We could use any partition variable we want from the underlying NodeCollection. What would happen if we instead partitioned by the node unique IDs?

Note there’s no relationship between node IDs and the corresponding low values:

[10]:

fig, ax = plt.subplots()
ax.scatter(nodes.data[nodes.unique_id_column], nodes.data.low)
ax.set_xlabel("Node ID")
ax.set_ylabel("Node 'low' Value")
ax.set_title("No relationship between node ID and node 'low' value")
plt.show()

../_images/notebooks_setting_partition_variable_21_0.png

which means if we partition according to node IDs, then each axis should have comparable node color representation (though the within-axis sorting will be preserved):

[11]:

node_id_partition_variable = nodes.create_partition_variable(
    data_column=nodes.unique_id_column,
    cutoffs=3,  # still partition into 3 axes
    labels=["ID A", "ID B", "ID C"],
    partition_variable_name="my_node_id_partition",
)

node_sorted_hp = HivePlot(
    nodes=nodes,
    edges=edges,
    partition_variable=node_id_partition_variable,  # use new partition
    sorting_variables=sorting_variable,
)

# do equivalent plotting to above example
fig, ax = node_sorted_hp.plot(node_kwargs=node_kwargs)

ax.set_title(
    "Node ID Partition Hive Plot",
    y=1.05,
)
plt.show()

../_images/notebooks_setting_partition_variable_23_0.png

Set Partition Variable on an Existing Hive Plot#

For an existing HivePlot, we need change its partition by calling HivePlot.set_partition().

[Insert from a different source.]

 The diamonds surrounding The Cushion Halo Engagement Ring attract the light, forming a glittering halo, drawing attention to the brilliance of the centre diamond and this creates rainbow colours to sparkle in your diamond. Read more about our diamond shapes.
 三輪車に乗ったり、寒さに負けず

Let’s take our node ID-sorted hive plot from above and switch its partition back to our low_partition_variable_name partition variable that we created above, which is equivalent to our original hive plot partition:

[12]:

node_sorted_hp.set_partition(
    partition_variable=low_partition_variable_name,
    sorting_variables=sorting_variable,  # must specify sorting variables for new partition
)

# do equivalent plotting to original example
fig, ax = node_sorted_hp.plot(node_kwargs=node_kwargs)

plt.show()

../_images/notebooks_setting_partition_variable_25_0.png

Since this partition change requires reallocating all nodes to newly-generated axes, the set_partition() call also requires specifying the sorting_variables parameter. Since we’re drawing new axes with the call, hiveplotlib will not assume how we want to sort and place the nodes on our new axes.

Note, if we were previously considering repeat axes, this call would require us to specify if / which repeat_axes we want. By default, as is done in the instantiation of a HivePlot instance, if not specified, no repeat axes will be drawn.

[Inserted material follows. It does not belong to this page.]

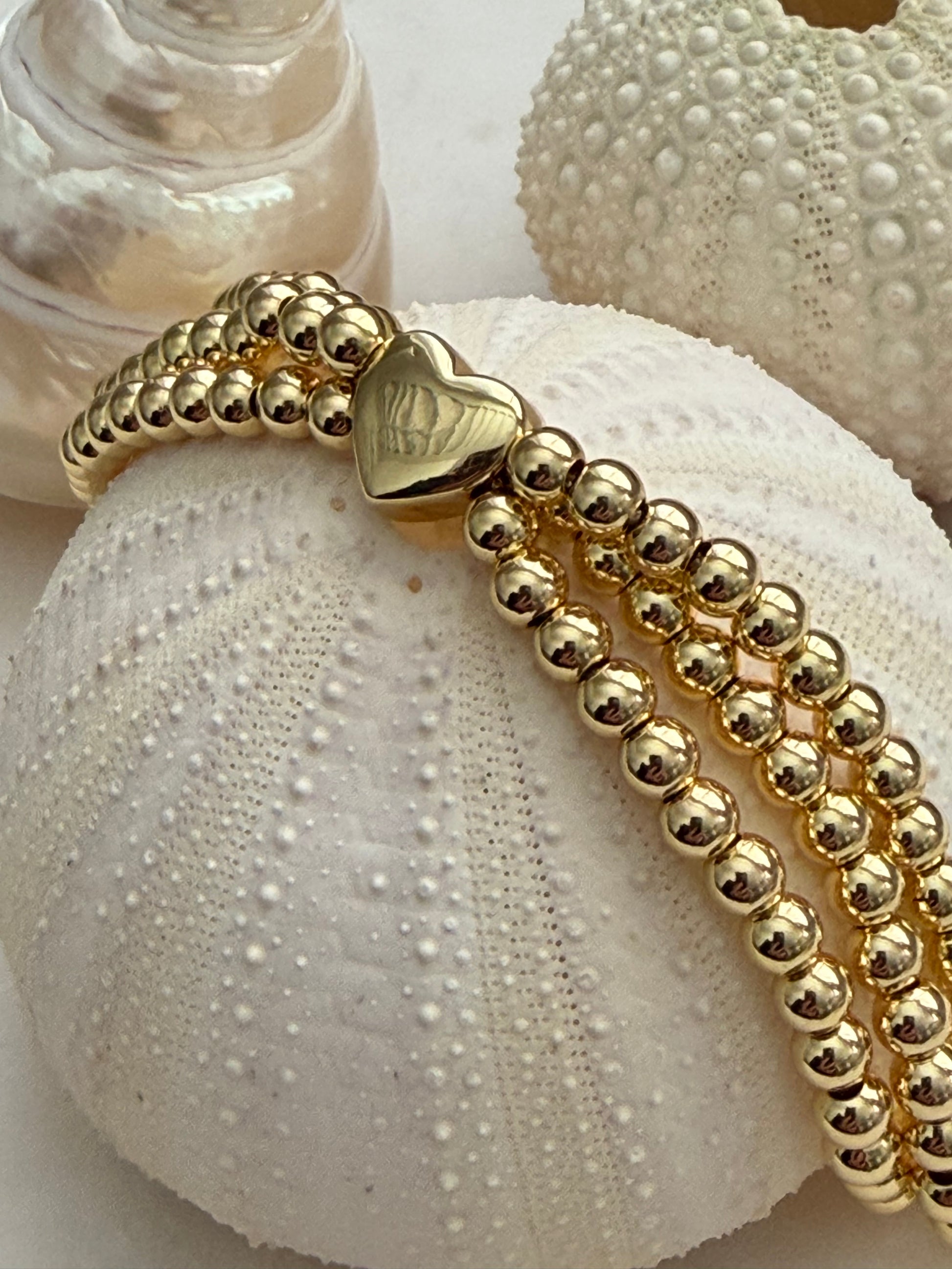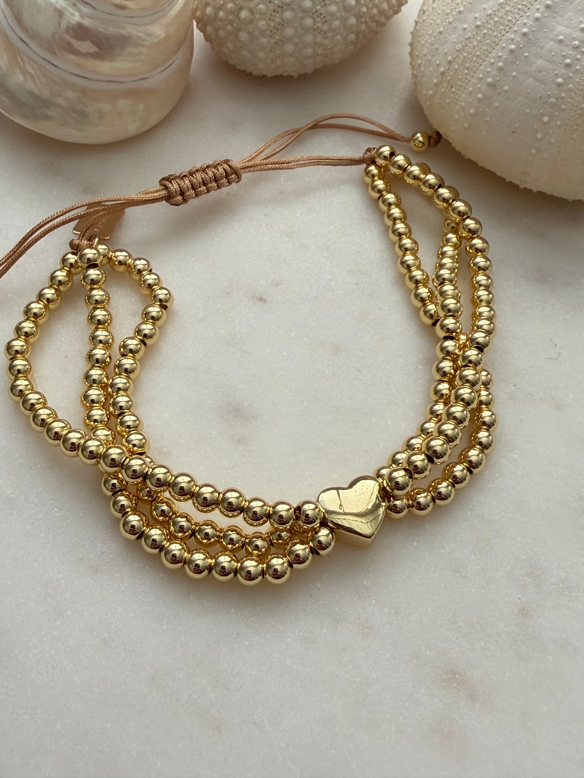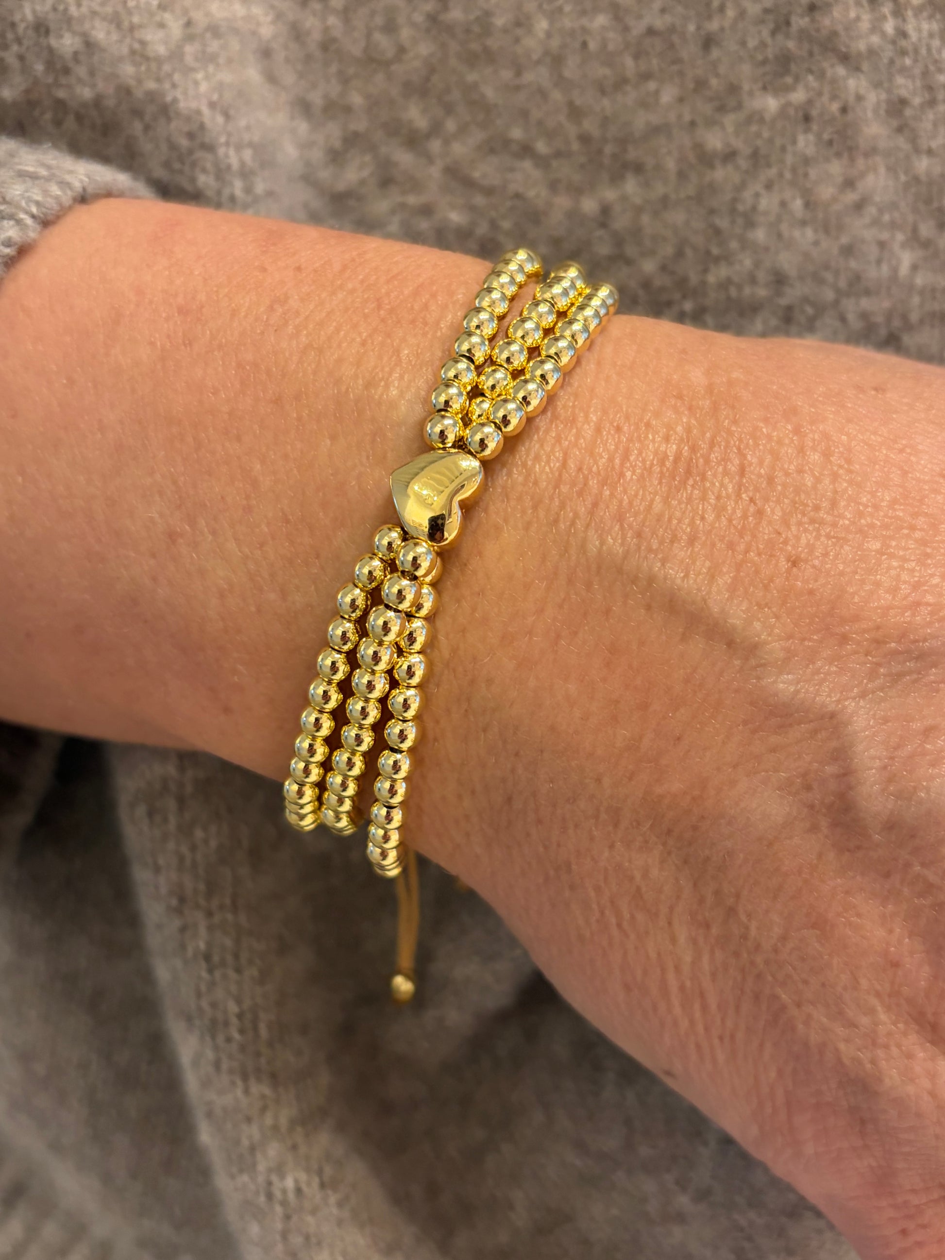 Prachtige gold-filled armband bestaande uit 3 armbandjes van 4 mm kralen met een hartje. Sluiting is dmv trekkoordje.

Using Node Graph Metrics as Partition Variables#

Node graph metrics can also be used to partition network data.

Most node graph metrics, however, are continuous, so we need to discretize them into bins before using as a partition via NodeCollection.create_partition_variable() (as we did with the low column above). If we skip this discretization step, then we will get one axis per unique node graph metric value, which does not make an informative hive plot.

This requires us to use lower-level Hiveplotlib helper functions to first create and then modify the Hiveplotlib NodeCollection before instantiating a HivePlot.

For an example using node degree as a partition variable, see the Using a Computed Metric as a Partition Variable section of the Computing Graph Metrics page.